In a previous post about teacher well-being, we looked at how schools can look after their teachers. Teacher well-being has become an increasingly hot topic that needs to be addressed by all, and when I say by all I mean just that. Even the teachers themselves. In this article we look at how teachers can look after their own well-being without relying solely on their school setting. Teachers, read on to to find out how you can do this…
This may sound selfish to some but it’s really not. You need to make sure you put your self first and prioritise things that are good for you so that you can look after your mental health. In order for you to be able to provide for the educational needs of children, you must above all, be healthy, both physically and mentally.
Do what relaxes you:
Make a pact with yourself that you will do something that relaxes you, if not every day, most days of the week. Whether that is exercising, reading a book or even watching TV, make sure you allow yourself time to do it. The more time you allow for yourself to relax the better you will be able to handle the pressure when you hit the crunch.

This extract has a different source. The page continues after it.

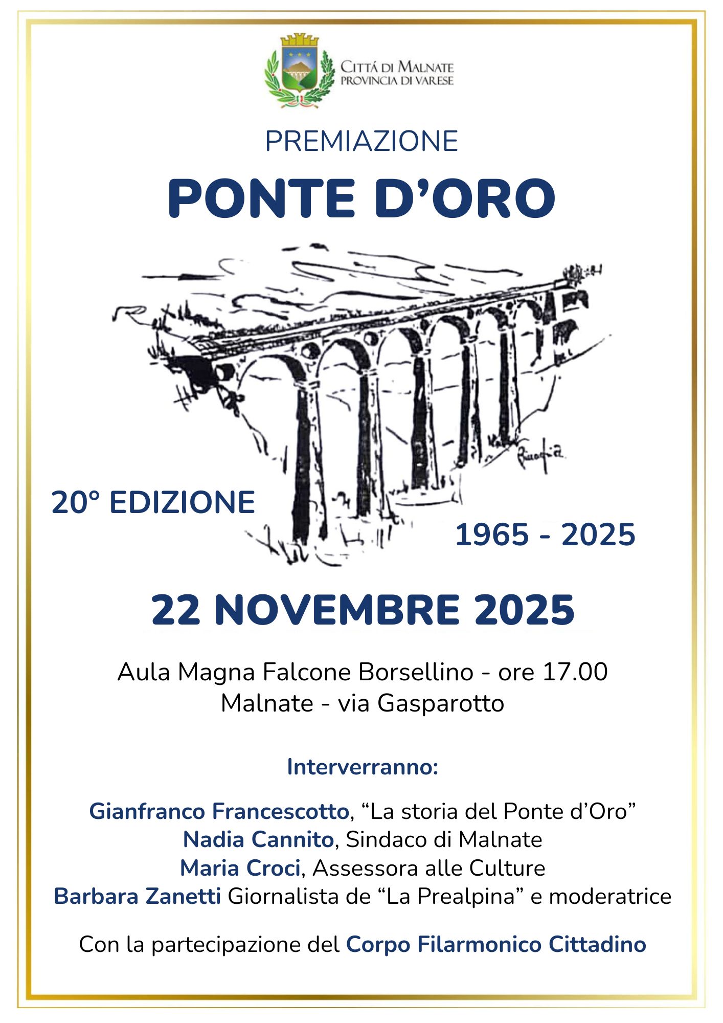 20° Edizione del Premio “Ponte d’Oro”, sabato 22novembre 2025, alle ore 17.00, presso l’Aula Magna “G. Falcone e P. Borsellino” della Scuola Secondaria di Primo Grado “N. Sauro” (ingresso di via Gasparotto, Malnate).

Mental health and physical well-being:
These two usually go hand in hand, as seen in the famous ancient Greek saying, “Νους υγιή εν σώματι υγιή” which means a healthy mind is found in a healthy body. Eat well, exercise and look after yourself. Teachers are by default such giving people, that many times they feel guilty if they look after themselves during and during the academic year, they allow it to slip. Most often than not, teachers tend to neglect themselves because of workload and pressure. This should by all costs be avoided. Look after yourself first so that you can look after your pupils better.
Rest over the weekend:
Use your weekends to take time out and switch off. As much as we love our work, it is imperative that we take time away from it. Do not feel guilty for doing so. Organise and schedule your week to avoid doing work related tasks over the weekend. Saturday and Sunday are meant for resting, and you should do just that – at least most weekends!
Organisation is key to keeping control of things. By being organised you can avoid stressful situations that will help you tackle your workload and teach without added pressure.

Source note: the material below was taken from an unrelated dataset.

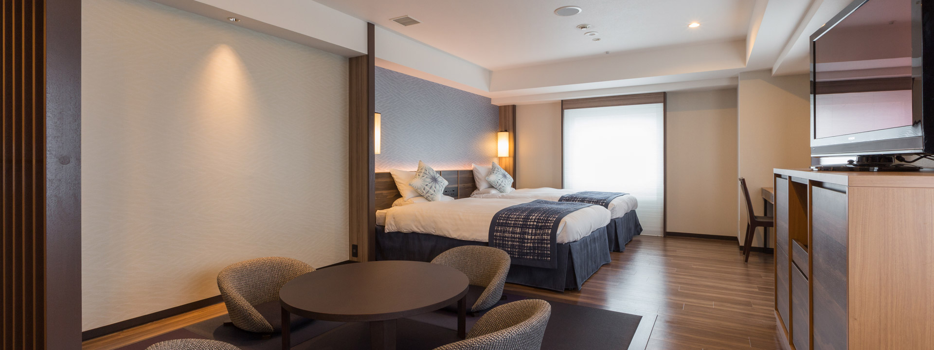 デラックスツインのお部屋はお電話とインターネットでのご予約となります。なお、インターネットご予約の際は、洋室、和洋室のご指定ができません。ご希望ございましたら、お手数でございますがお電話にてご連絡お願いいたします。

It is important to prioritise and promote self-awareness and teacher well-being as it will contribute to teachers’ increased productivity and longevity in their chosen profession. Ultimately, this will lead to healthier and more competent professionals that will be fit to teach children and equip them for the future. For those of you who may be wondering if I do all the above, no I don’t. This is an article for all teachers including myself – a sort of mental note. No one is perfect, we can all improve in certain areas and should aim to do so by helping and supporting each other as best we can.